Zone exit, season 5 | Episode 49: What smiles on the Canadian

It’s Friday, it’s the start of a long holiday, the start of spring, too. So why not go light? This is what our team is offering you today, with a menu focused on what smiles on the Canadian, in the midst of his winning streak.

From Nick Suzuki to Cayden Primeau, via Juraj Slafkovský, there are several CH players who will have fun tuning in to us, as they do every week, no doubt.

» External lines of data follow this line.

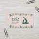 Un carte de visite avec la silhouette d'une femme dans la pose de pigeon roi, feuilles verts et informations personnalisables dans les tons vert et noir. Parfait pour des activités telles que le yoga instructeur ou enseignant, la méditation, centre de relaxation ou de bien-être, thérapeute, etc.
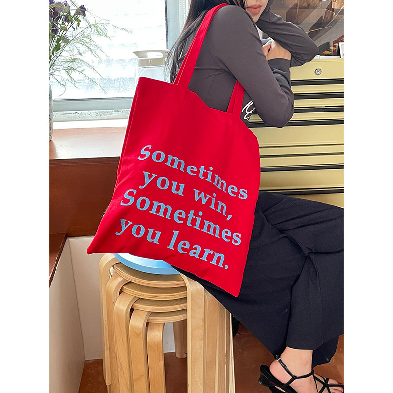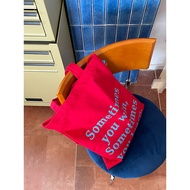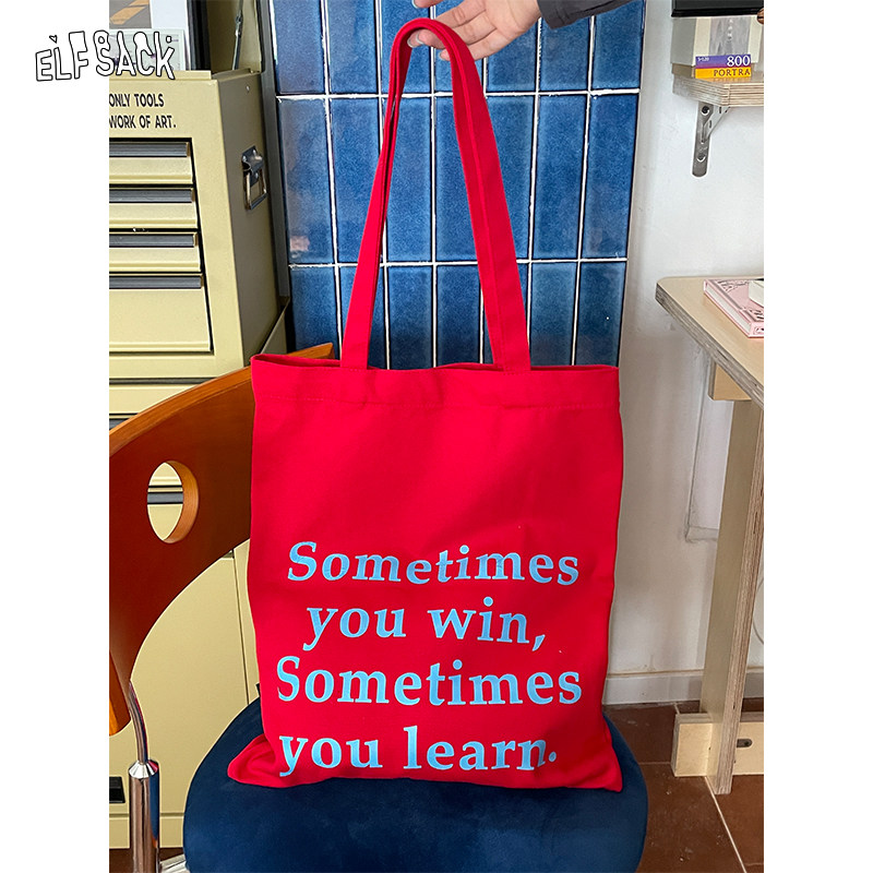 妖精的口袋红色字母帆布包2025年新款大容量时尚百搭慵懒风单肩包
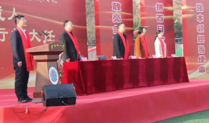 高三(15)班郑一鸣同学代表全体高三学生发言并表态,在最后的一百天里,将以全部的精力投入高考的复习中,以前所未有的毅力投入到决战的冲刺中,心存念想,不内耗,书写人生壮丽的篇章,描绘未来美好的蓝图。
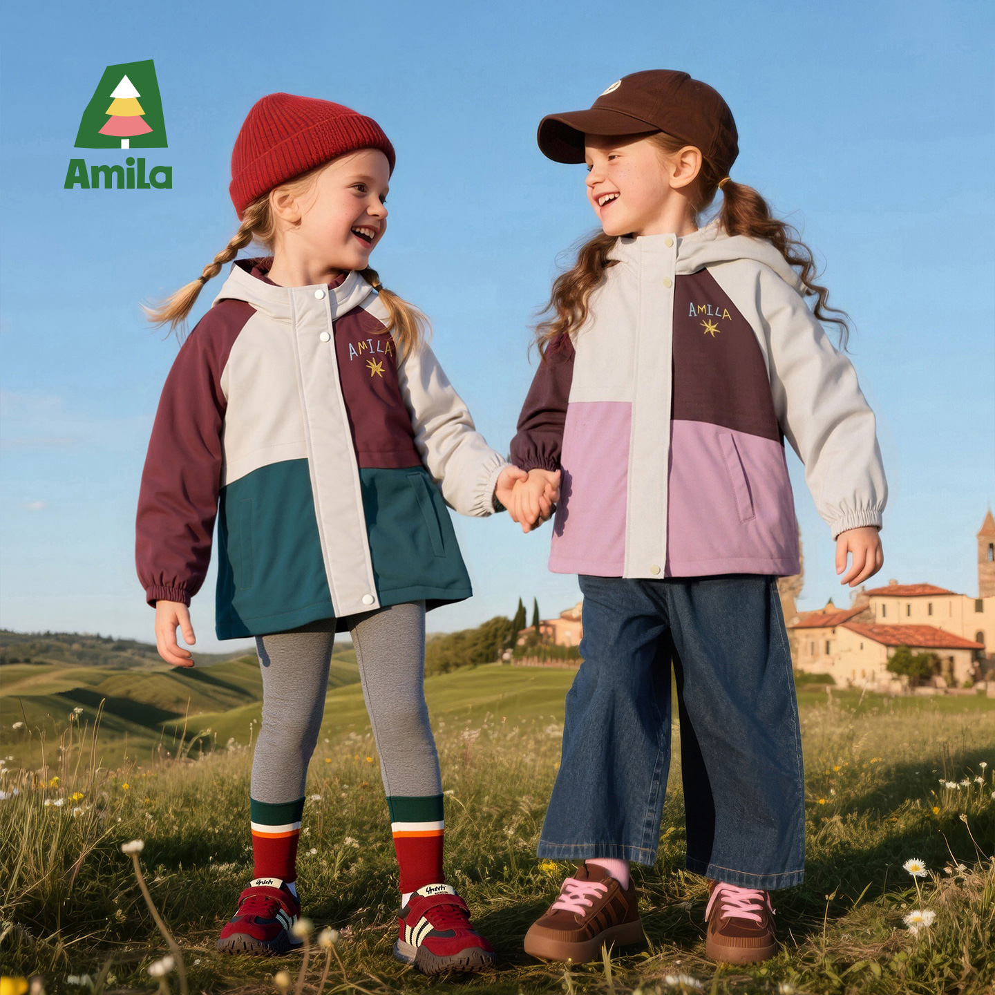Amila女童撞色冲锋衣2025新款秋季儿童秋装外套宝宝户外连帽风衣
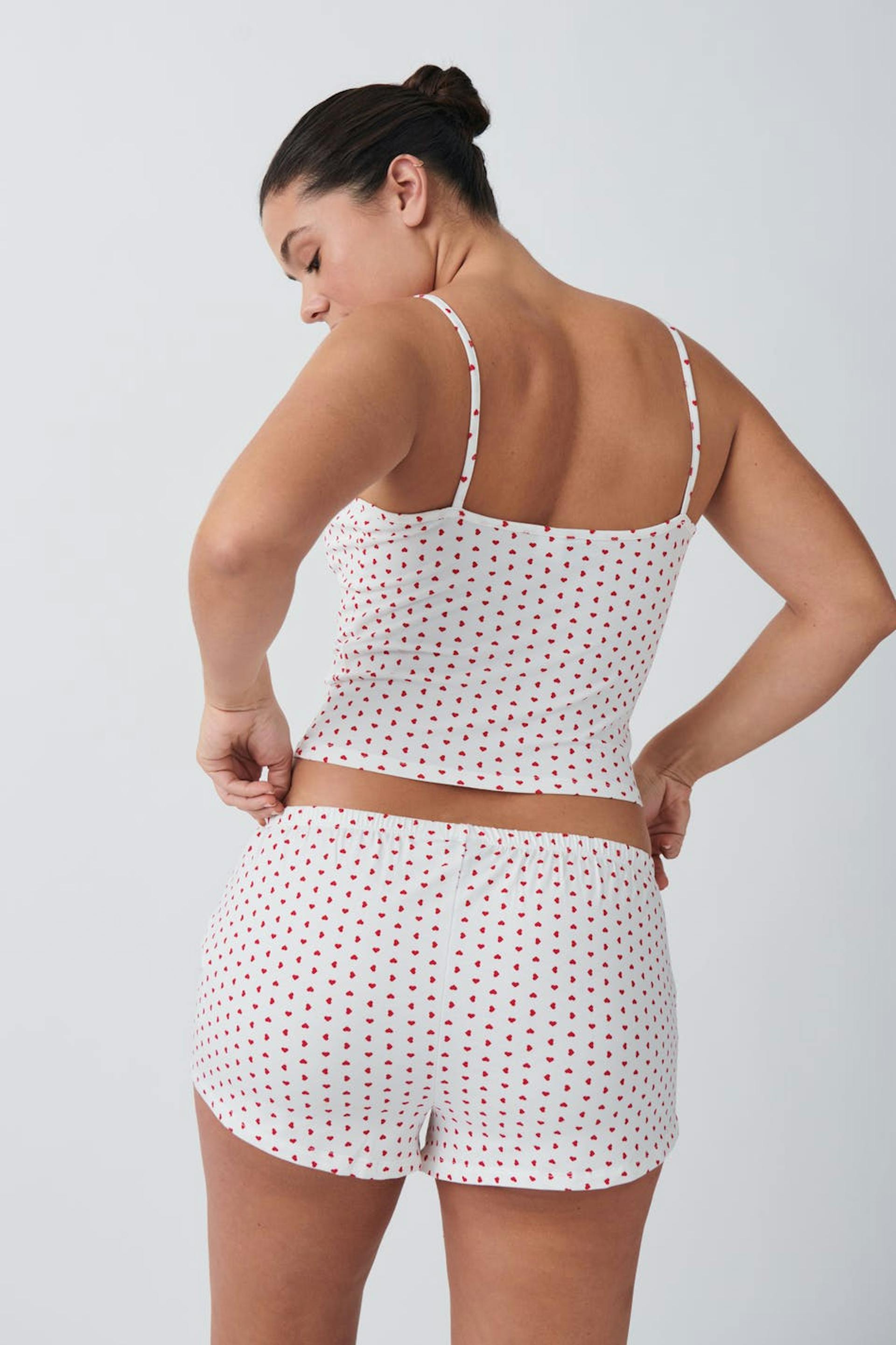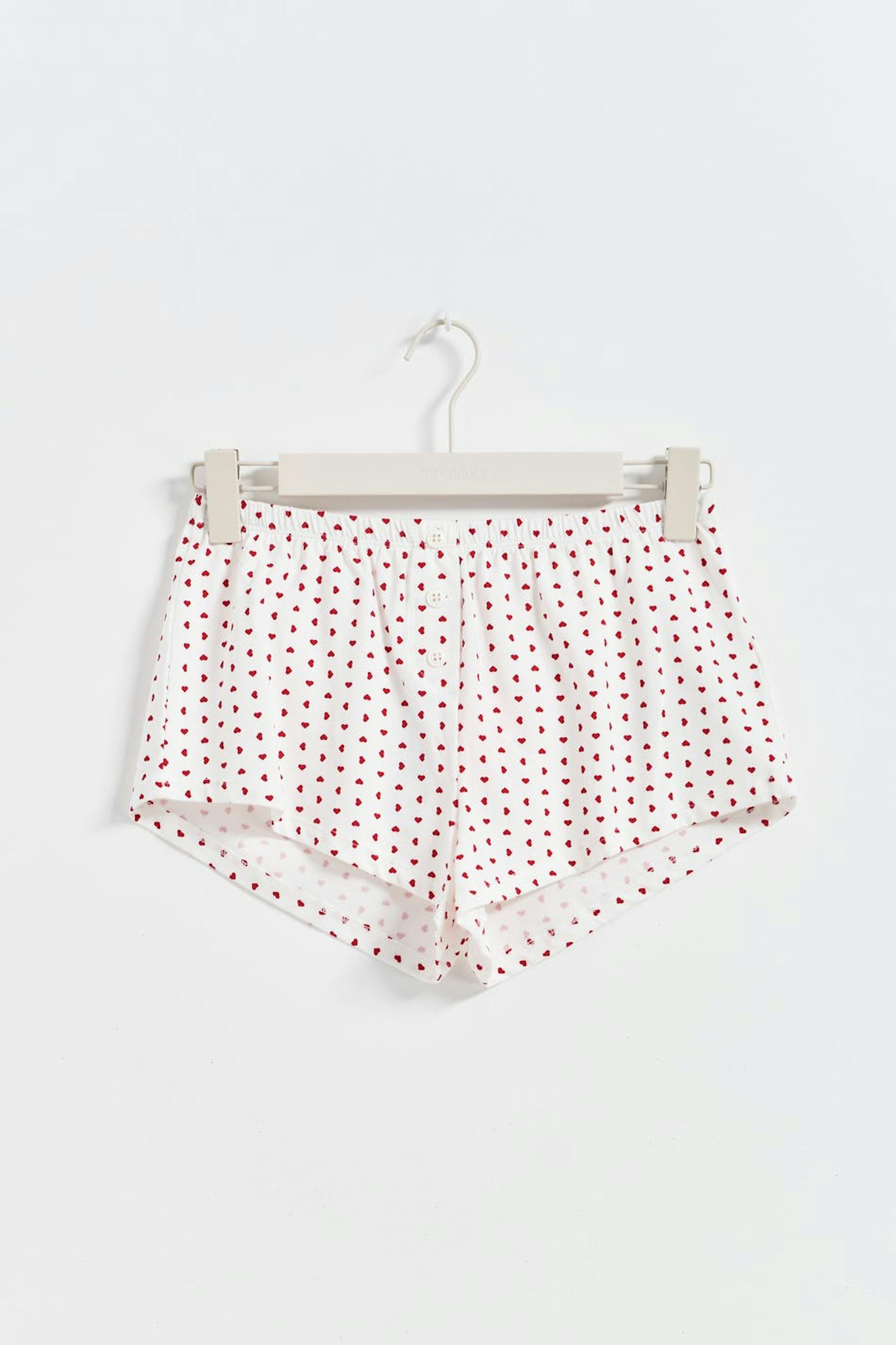 Short pyjama shorts with small hearts. The shorts are white and have figure-hugging fit. They have low waist, buttons at the front and elastic at the waist.
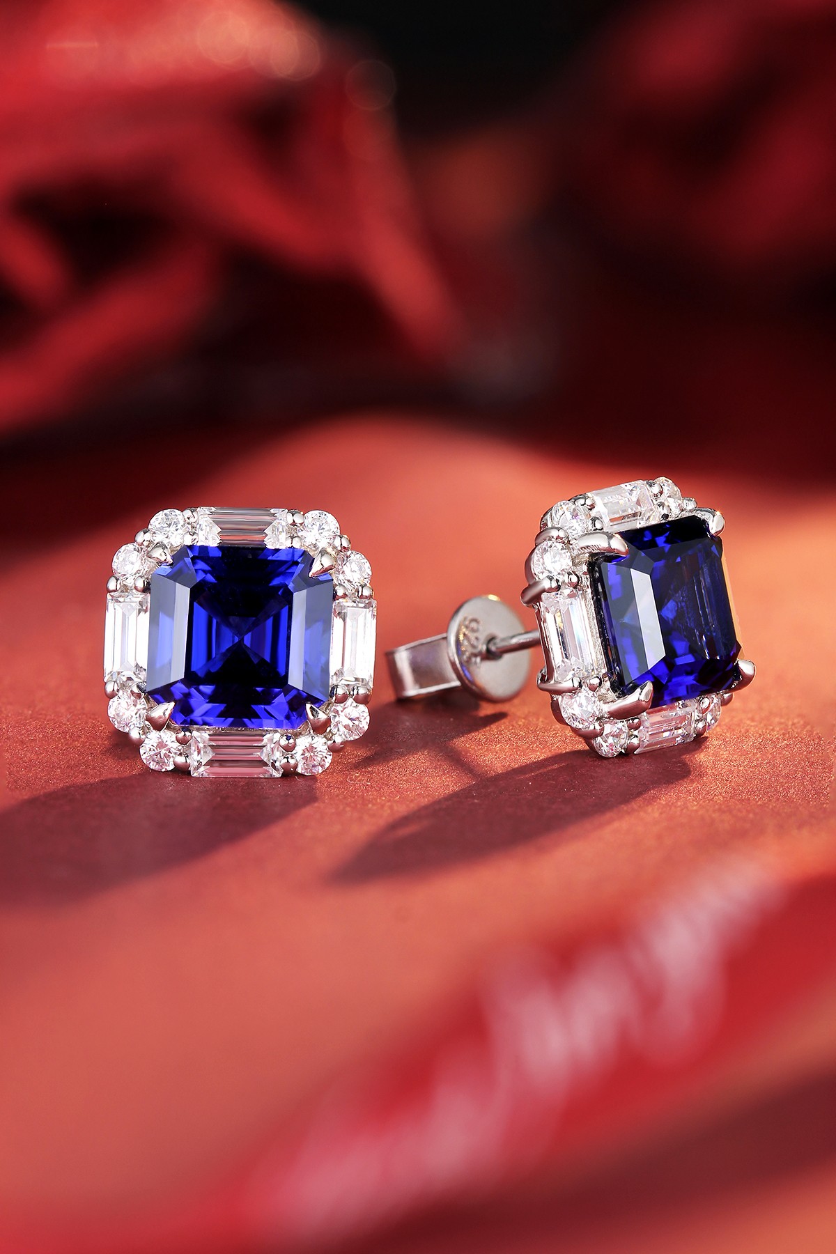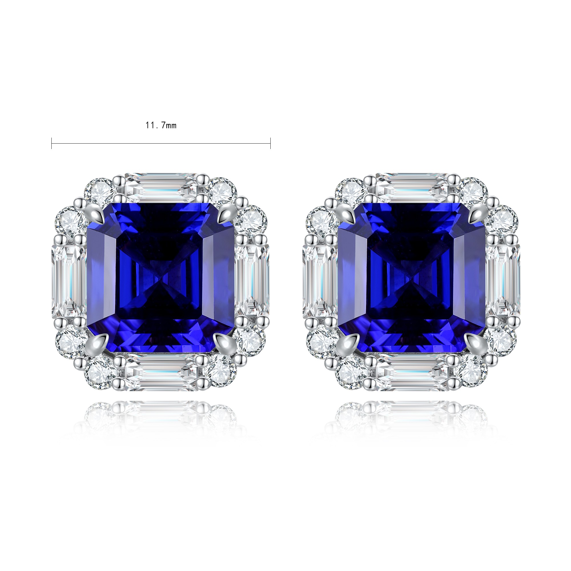 Be the first to review “6.74-Carat Emerald-Cut Lab-Grown Blue Sapphire of Diamond Simulants Gemstone Sterling Silver Earrings”

Slafkovský’s 33 points in his last 41 games, on the eve of his 20th birthday, are enough to give hope to the Canadian’s fans. Is it to the point where the Habs can dream of a duo as dominant as those of the Stars, Panthers or Rangers?

If so, not for a few years, estimates Guillaume Lefrançois, recalling several cases of players who reached their peak after 25 years. It’s not all lightness, that said, and the linguistic controversy affecting the QMJHL also entered the debate. Antoine Roussel also makes a vibrant plea for greater affirmation of French in the QMJHL, as we see in certain soccer championships in Europe.

Host: Jérémie Rainville
Guests: Antoine Roussel, Richard Labbé and Guillaume Lefrançois

Listen to the full episode

Antoine Roussel: The thing the teams qualified for the series have in common is stability. Stability for players, management team, general manager and coach. This is essential for a team to stay at the top. Conversely, we can think of the Penguins: they have changed GM three times in five years and that means the team has no direction.

Richard Labbé: I see teams whose leaders have made good decisions. Spend money wisely, draft well, that’s true, but sometimes you might be missing an ingredient or two, and those decisions are what make these teams successful.

Excerpt from the podcast about the secret of teams qualifying for the playoffs

This is not acceptable (Kaiden Guhle’s stick on Travis Konecny). That’s the kind of thing you don’t want to see. Afterwards, this is where the league can lose control and a match can degenerate. When you’re on the bench, you’re on the bench, then on the ice, you have a role to play and play it. It’s so much easier to play toughs on the bench than doing it on the ice.

Antoine Roussel

When Auston Matthews, Connor McDavid, Mitch Marner arrived, it created the impression that players of 19, 20 years old could have an immediate impact at that age. But I went around top 20 of the NHL. JT Miller had his first point per game season at 26, Sam Reinhart at 26, Filip Forsberg at 27. Development in the NHL takes a long time. Yes, Nick Suzuki arrived at 20 years old, it’s been a long time since we saw him go, but he remains young. After 25 years, there is still room for improvement.

Guillaume Lefrançois

Episode details

Block 1

  • 1:15 – Third victory in a row, what does that mean when the season no longer has value?
  • 6:30 – Nick Suzuki and his 30 goals, has he reached his ceiling?
  • 2:00 p.m. – Richard Labbé wrote Thursday: few CH players can celebrate this season. Suzuki is one, can we add other names?
  • 26:00 – A fourth victory in a row against the Hurricaines?

Block 2

  • 29:30 – Bruins, Hurricanes, Panthers, Stars and Rangers are officially qualified for the playoffs. What do these training courses have in common?
  • 37:00 – Martin Brodeur believes we are too permissive with our goalies
  • 47:00 – LHJMQ: in French please.

Block 3

Good Friday Special

  • 56:30 – Which player or leader brings down all the saints from Heaven to you?
  • 61:00 – Like Christ: who makes the best return.
  • 64:00 – With two weeks left in the season, who is your little Easter friend?